O conhecimento do corpo humano se deve ao anatomista, que cria a episteme ocidental entre o homem e seu corpo, e o artista que, pela observação objetiva, torna possível dar visibilidade ao interior. Também o artista, ao passar a pintar os retratos, contribui para a aparição do indivíduo, que ganha um rosto e captura a pessoa em toda a sua individuação e singularidade, transformando toda a axiologia do corpo.
Com a arte, no caso, a pintura, a visão ganha um sentido maior e vai se destacar na modernidade, por meio da comunicação. Com a aparição do indivíduo, seu corpo deixa de ser inseparável da comunidade, passando a ser individual. Com a arte voltada para os traços individuais, o homem encerra em seu corpo. Com isso, o corpo passa a
“ser fronteira entre o homem e o outro, e, na modernidade, ele é a marca que o separa
do cosmo, dos outros, de si mesmo” (LE BRETON, 2011, p. 71).
Essas distinções estabelecidas pelo saber médico anotômico, pela arte dos retratos que capturam a pessoa expressando seu rosto, contribuem para o nascimento do indivíduo. Em suas pesquisas sobre o aparecimento do indivíduo, Le Breton (2011) aponta que o comerciante é o protótipo do indivíduo moderno, por fazer valer seu interesse pessoal em detrimento ao do coletivo. Destaca-se também que, com o saber médico, o corpo se dissocia do homem, ao possibilitar seu estudo separadamente do
homem, o que faz constituir um ter (um corpo) e não um “ser”, ganhando um estatuto
de poder, por ser cientificamente estudado.
Voltando-se aos tempos contemporâneos, Talamoni (2011) cita a obra artística de Gunter von Hagens que mostra, em suas exposições sobre o corpo realizadas em diversos países, que a anatomia renasce, apresentando o corpo entre o científico e o artístico, entre o educativo e o entretenimento, fazendo renascer no público a reflexão sobre o corpo.
Essa separação na atualidade, que se configura pelos sentidos acumulados historicamente, entre homem e corpo, constitui-se por marcas sociais que se consolidaram com o individualismo e a cultura erudita, em que o corpo passa a ser propriedade do homem e não sua essência, ficando independente do homem.
Habermas aponta que a responsabilidade do indivíduo cresce na modernidade, quando seu sustento passa a depender de seu próprio trabalho.

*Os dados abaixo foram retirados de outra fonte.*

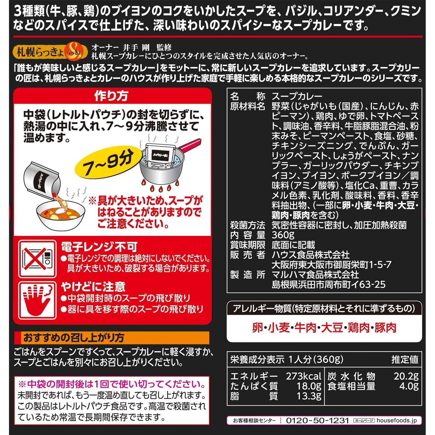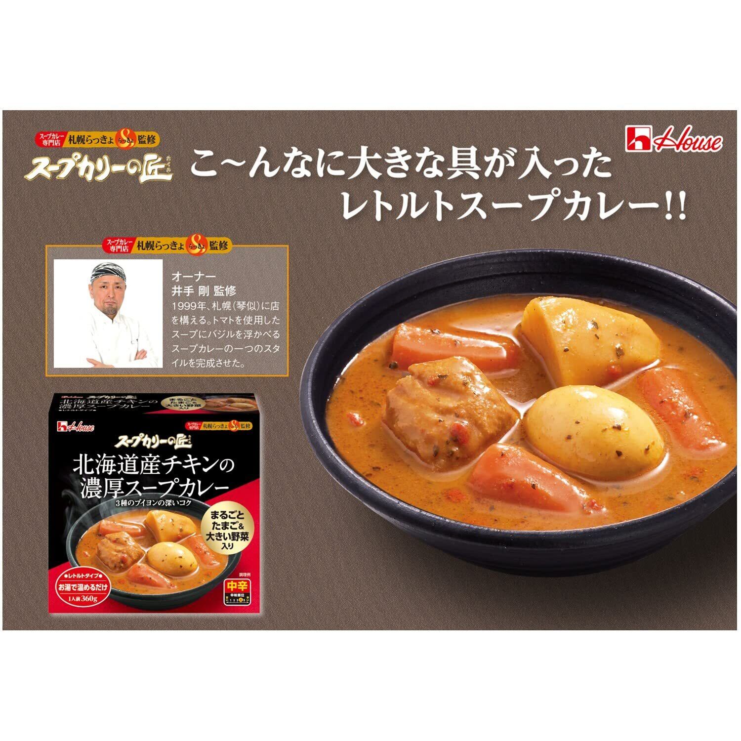 スープカリーの匠 House ハウス 北海道産チキンの濃厚スープカレー 中辛 360g×4個 【レトルト食品】【非常食】【たまご&野菜入り】
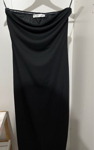 Vestido negro con tirantes finos ajustables y escote corazón. Puedes quitarle los tirantes y se queda el vestido en palabra de honor. - Tejido con relieve. - Cintura marcada. - Largo hasta la rodilla. Medidas: Sisa 35 Largo 70
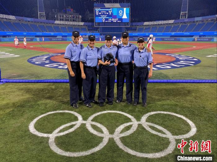 于志玲(右二)在东京奥运垒球决赛场与当值技术官员团队合影。 于志玲供图
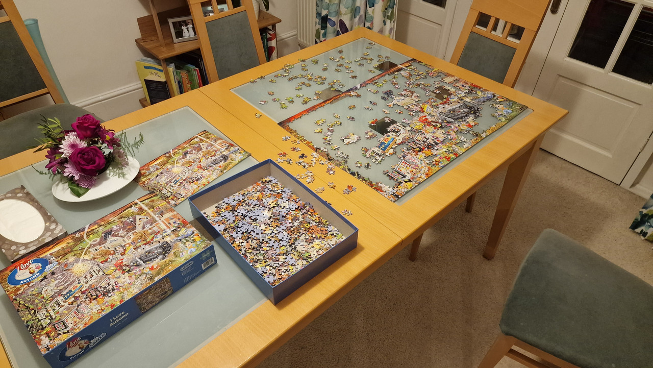 We've got a jigsaw board, that allows you to pack away the jigsaw if you need the table for something else before the puzzle is finished.
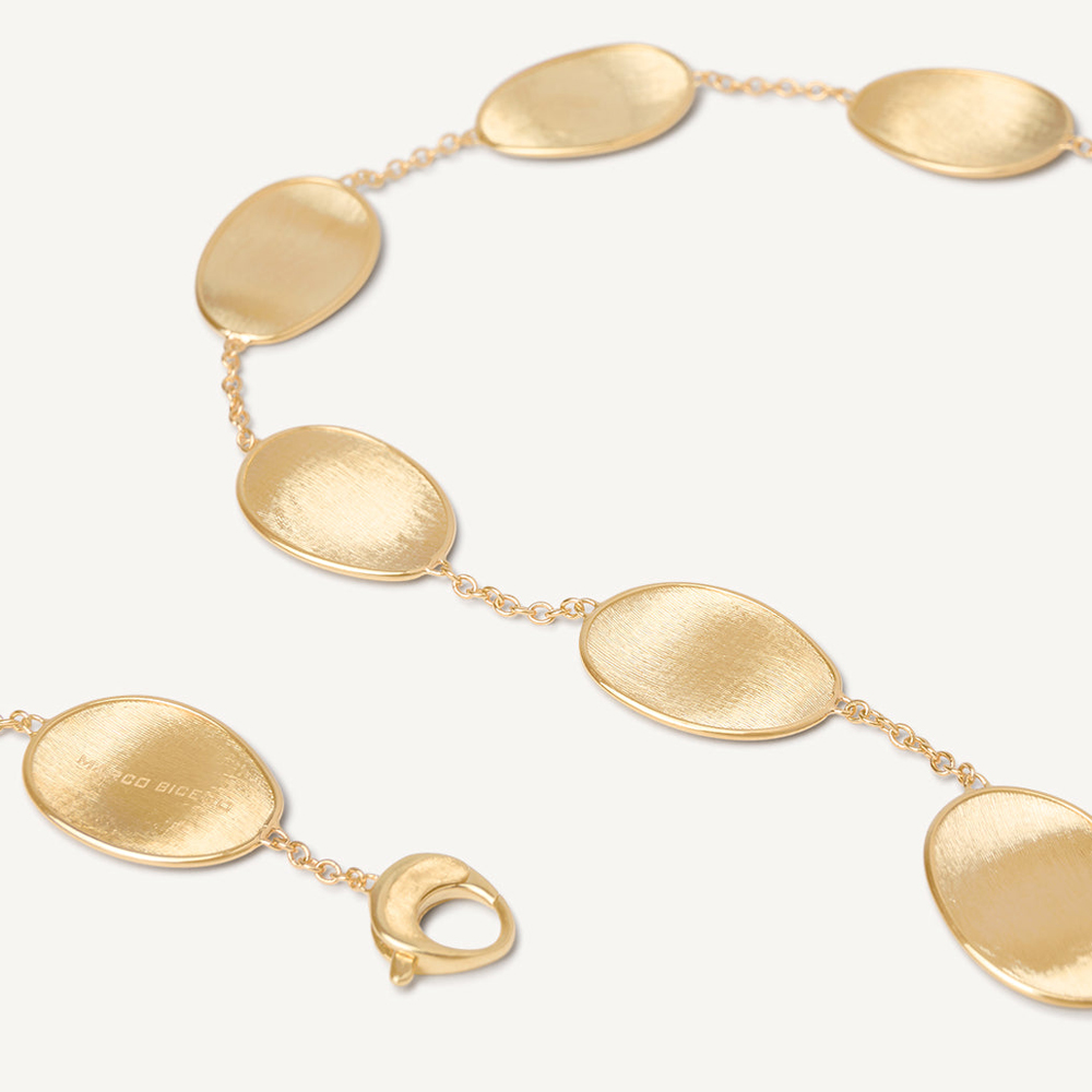 Ispirato al fascino della natura, questa collana girocollo è composta dal susseguirsi regolare di leggere foglie in oro giallo 18kt, finemente incise a mano con l'antica tecnica del bulino millerighe e intervallate da una sottile catena. Perfetta per completare il look e dare un tocco di luce a qualsiasi outfit.
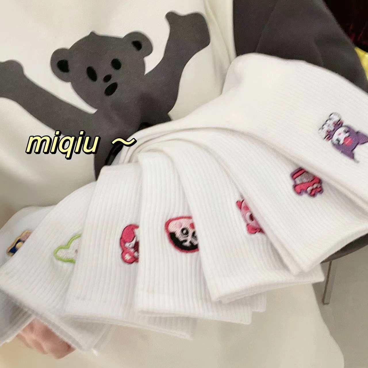 일본 면화 캐주얼 양말 여성 봄, 가을 중반 튜브 ins 학생 더미 다목적 흰색 양말 스포츠 양말
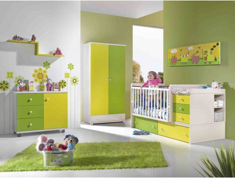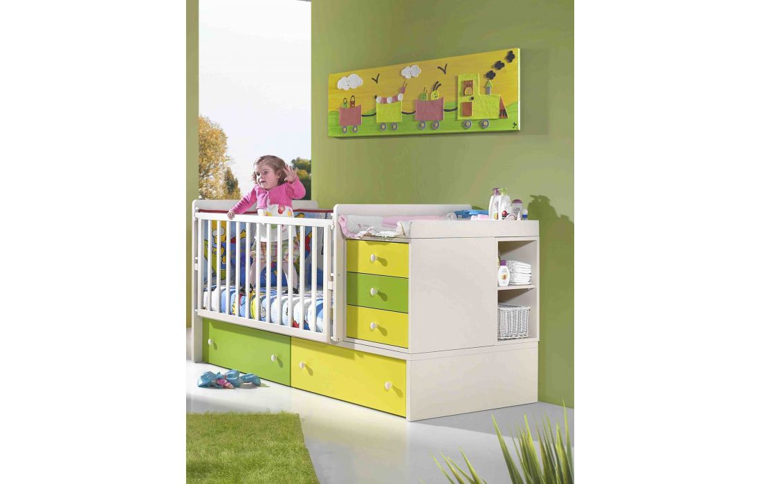 | The crib becomes a bed w / mattress 90 x 190 + bedside table (1) + desk | ||||||||
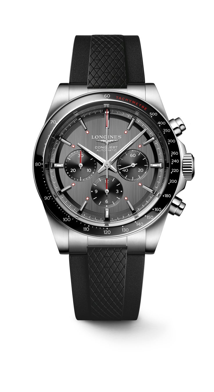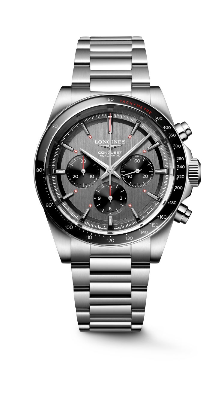「コンクエスト クロノ スキー エディション」の42mmのステンレススティール製ケースは、ポリッシュ仕上げとサテン仕上げが交互に施されています。ブラックセラミックのインサートとタキメーターベゼルを備えたこのクロノグラフは、10気圧防水。風防には、多層無反射処理を両面に施したサファイアクリスタルを採用。3時位置のブラックのスモールセコンド、6時と9時位置のブラックのカウンターのコントラストがきいたアンスラサイトカラーのダイアルが特徴です。ダイアルには、コレクションの象徴的なデザインであるスネイル仕上げが施されています。3時、6時、9時、12時位置のアプライド・インデックス、ポリッシュ仕上げを施したロジウムカラーの時針と分針には、スーパールミノバ®が塗布されています。中央のクロノグラフ秒針の先端と、12時間積算計および30分積算計の針は、セラミック製ベゼルのタキメータースケールの一部と同じレッドカラーで、視認性を高めています。
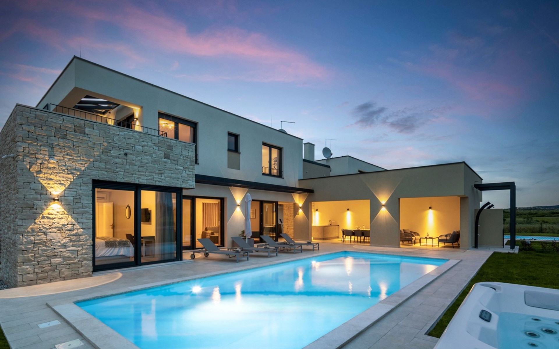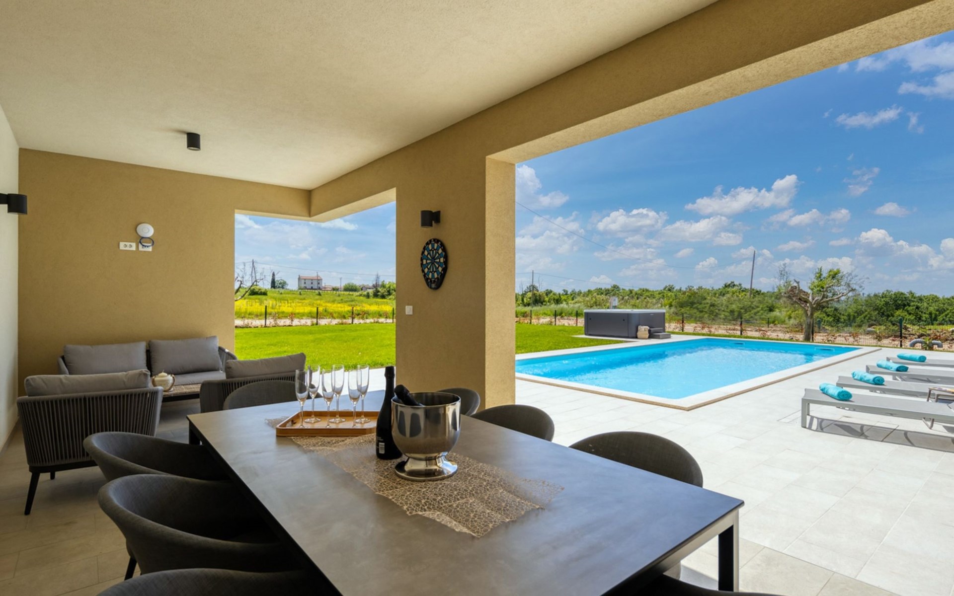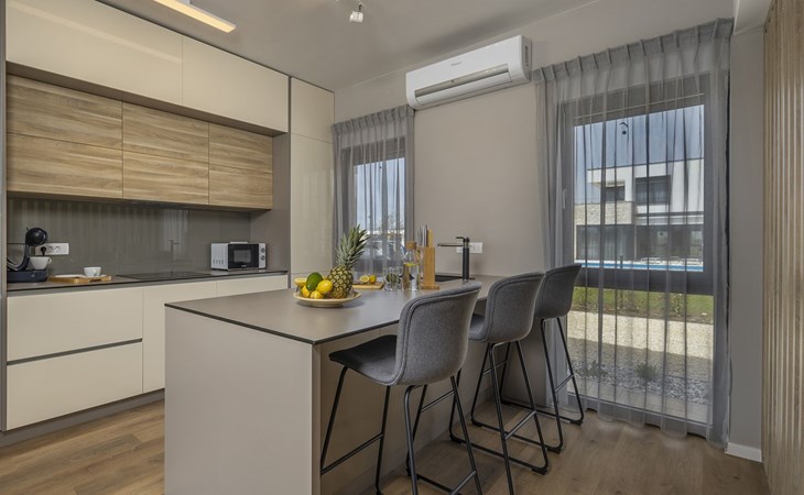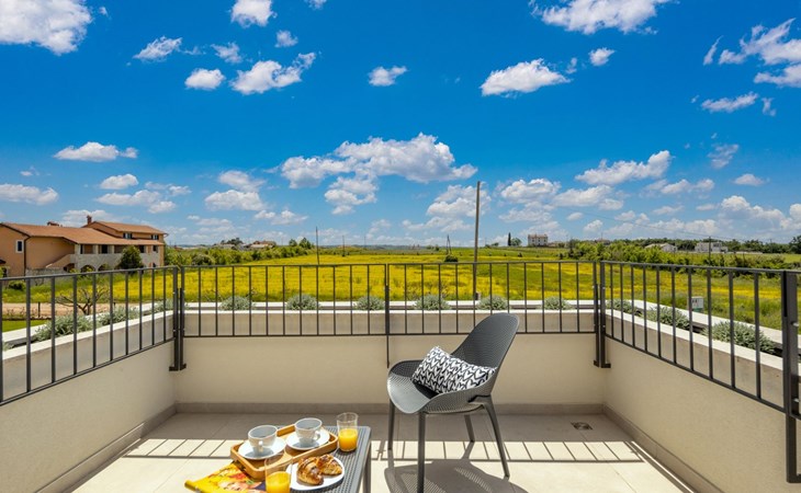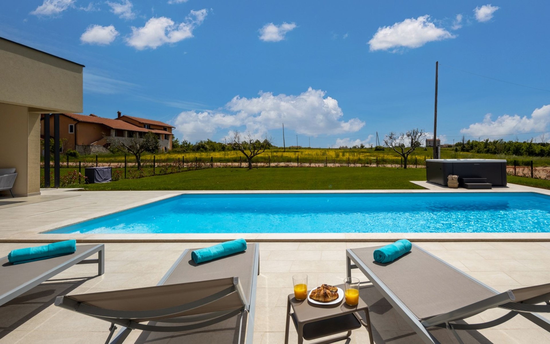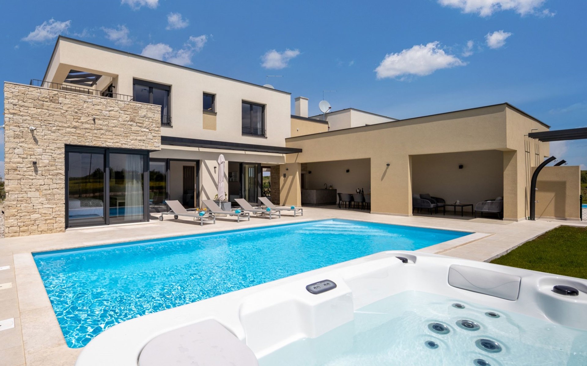 Luxueuze villa "Stella", van 2 verdiepingen, bouwjaar 2021. 1 km van het centrum van Nova Vas, 2 km van het centrum van Brtonigla, 10 km van het centrum van Novigrad, 8.2 km van zee. Voor alleengebruik: terrein 900 m2 (omheind) met gazon, openluchtzwembad hoekig, verwarmd (4 x 10 m, 135 cm diepte, seizoensgebonden beschikbaarheid: 10.Apr. - 01.Nov.) met trap. Buitendouche, hot tub, badminton, terras (10 m2), tuinmeubelen, grill. In het huis: internetaansluiting, trampoline, wasmachine, fietsen beschikbaar. Beschikbaar: fietsen (2), kinderfietsen (1). Toegangsweg (500 m onverharde weg). Parkeerplaats (voor 3 auto's) bij het huis op het terrein. Winkel 1.5 km, restaurant 650 m, bushalte 4 km, kiezelstrand 8.2 km. Wandelroutes, vanaf het huis, fietspad 100 m. Attracties in de buurt: Aquapark 2 km. Groepen jongeren uitsluitend op aanvraag. Vliegveld 20 km van het huis. Openluchtzwembad verwarmd (extra). Videobewaking bij de oprit en parkeerplaats.
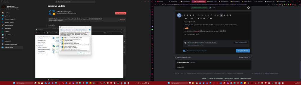 Bonjour , J'ai essayé d'installer la mise à jour KB5064081 qui se télécharge sans problème et lors de l'installation qui arrive à 100% , celle-ci s'arrête avec le code 0X800F081F . J'ai fait SFC sans problème , arrêt des services Net stop cryptSvc Net stop bits Net Stop appidsvc Ren C:\Windows\SoftwareDistribution SoftwareDistribution.old Ren C:\Windows\System32\catroot2 catroot2.old Net Start bits Net Start wuauserv Net Start appidsvc Net Start cryptsvc Redémarrage de mon pc et relance mise à jour rien n'y fait , c'est pour cela que j'ai besoin de votre aide ;-) Cette mise à jour est elle obligatoire ! Merci d'avance .
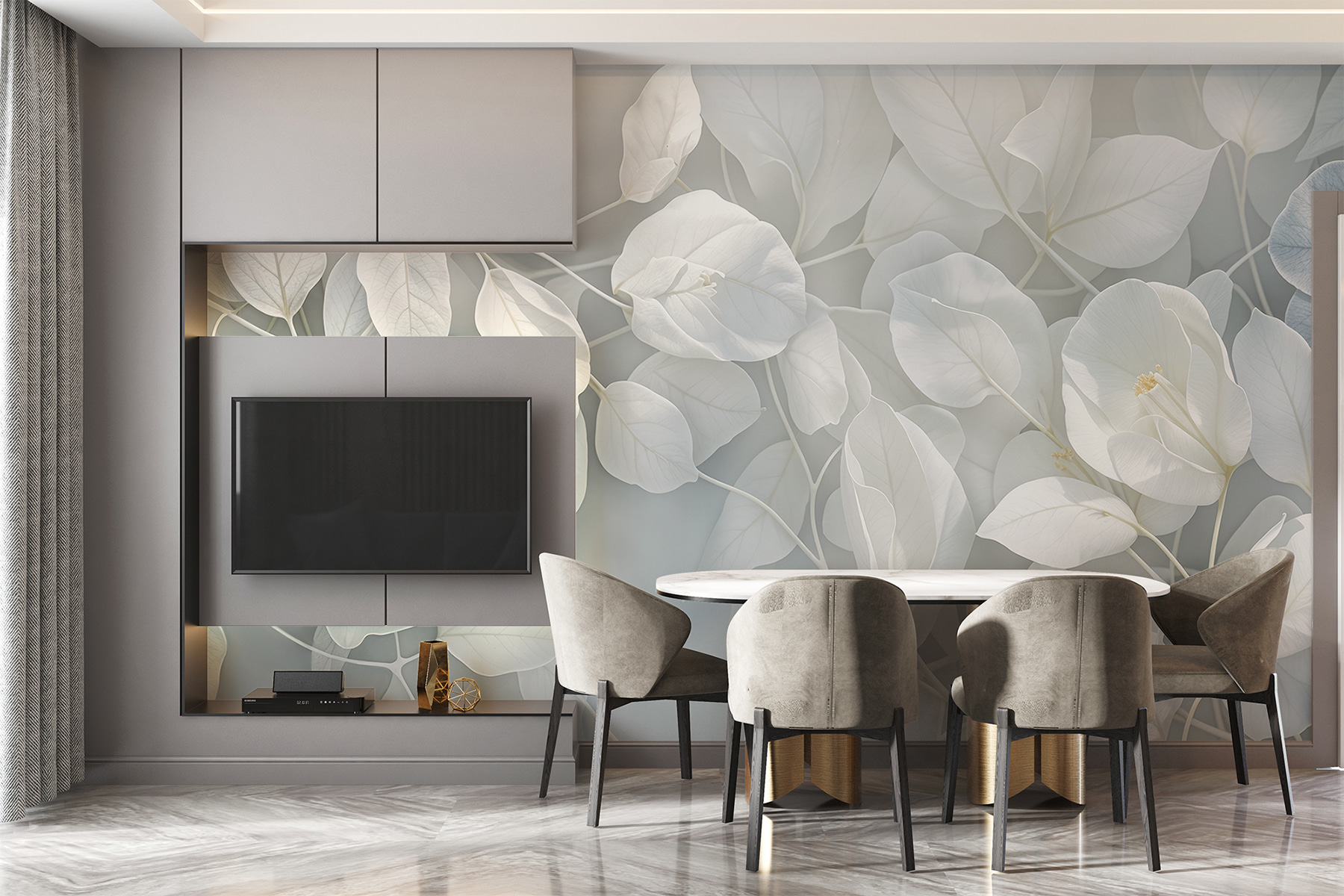 Cześć! Chcesz dodać odrobinę elegancji do swojej przestrzeni? Sprawdź “Fototapety ścienne w08232” – to jak wejście do sennego ogrodu za każdym razem, gdy wchodzisz do pokoju. Fototapeta ta znajduje się w kategoriach “Fototapety kwiaty”, “Popularne fototapety” i “Fototapety natura”, co czyni ją wszechstronnym wyborem dla każdego miłośnika natury. Miękkie, delikatne biele i uspokajające szarości tworzą niemal magiczną atmosferę, idealną do wyciszenia się po długim dniu. Wyobraź to sobie na ścianie w salonie, wprowadzając spokojną atmosferę, która jest zarówno orzeźwiająca, jak i spokojna – mała ucieczka w domu. To prawie tak, jakby liście szeptały delikatną kołysankę, zapraszając do relaksu i spokoju. A czy te białe kwiaty nie są po prostu pop? Dodają subtelnego efektu wow, ale nie są zbyt krzykliwe. Krótko mówiąc, ta fototapeta jest jak delikatny uścisk dla twoich ścian – bez wysiłku szykowna i bardzo zachęcająca! 🌿✨
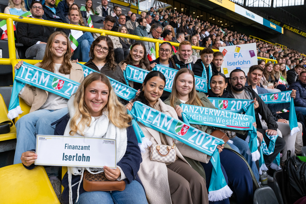 (EB). Die Haupttribüne des BVB-Stadions ein Meer aus Fahnen und Fanschals – und die Nachwuchskräfte des Finanzamts Iserlohn sind mittendrin! Denn auf den Schals steht statt dem Namen eines Fußballclubs „Finanzverwaltung für Nordrhein-Westfalen“. Mit einer großen Willkommensfeier wurden insgesamt 1.600 Talente in den Reihen der Finanzverwaltung begrüßt – durch Ministerpräsident Hendrik Wüst, Minister der Finanzen Dr. Marcus Optendrenk und die BVB-Geschäftsführer Hans-Joachim Watzke sowie Lars Ricken. Ein besonderer Karrierestart für die sechs neuen Auszubildenden und acht dual Studierenden, die im September beim Finanzamt Iserlohn ihren Dienst aufgenommen haben, um künftig für die Menschen in den Gemeinden Iserlohn, Hemer, Menden und Balve zu arbeiten.
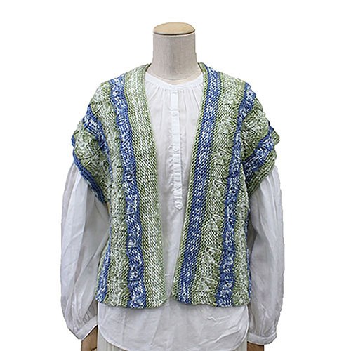 数量限定の完成品販売!(なくなり次第終了) サンプルSALE 超特価! 編み込みの様な模様が自然に現れるユニークな素材のベストは、スカラップレース模様でニュアンスをプラス。 増減の無い簡単な仕上げです。 (1点1点手作りしています) 素 材:ウール50%(エクストラファインメリノ100%使用) アクリル50% サイズ:胸囲96cm 丈50cm * サンプル品のため特別価格になっています
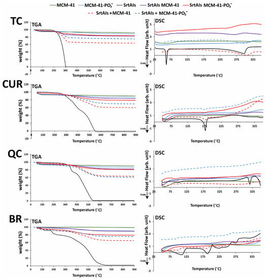 Thermogravimetric analysis (TGA) and differential scanning calorimetry (DSC) for SrtAIs (TC, CUR, QC, and BR), and MSNs (MCM-41 and MCM-41-PO3−) alone, loaded with SrtAIs, or physical mixtures with SrtAIs. “+” refers to physical mixture and ‘arb. unit’ indicates arbitrary units.

O indivíduo moderno é burguês, ou seja, juridicamente livre e economicamente independente, com profundas aspirações de autonomia e liberdade.
Nessa associação do saber anatômico e médico e as mudanças sociais que transferem ao indivíduo a responsabilidade por ele mesmo, evidencia-se o individualismo.
Na contemporaneidade Maffesoli (1999) sustenta que existe um hedonismo do cotidiano que emerge em certas épocas e o jogo das aparências passa a apontar novos
modos de ser. Para Maffesoli, em “O mistério da conjunção”, há, na atualidade, um
deslize da lógica da identidade, que tem como característica individualizar, para a lógica da identificação, na qual a pessoa emerge no coletivo. Nesse contexto, instaura-se um narcisismo coletivo que enfatiza a estética, os valores tribais, o banal, em que o insignificante e o prazer ganham importância, constituindo uma sociedade que ama o corpo, o que representa uma mudança dos valores do individualismo, da modernidade, para o aparente, para o retorno da aparência, para a embriaguez coletiva da pós- modernidade.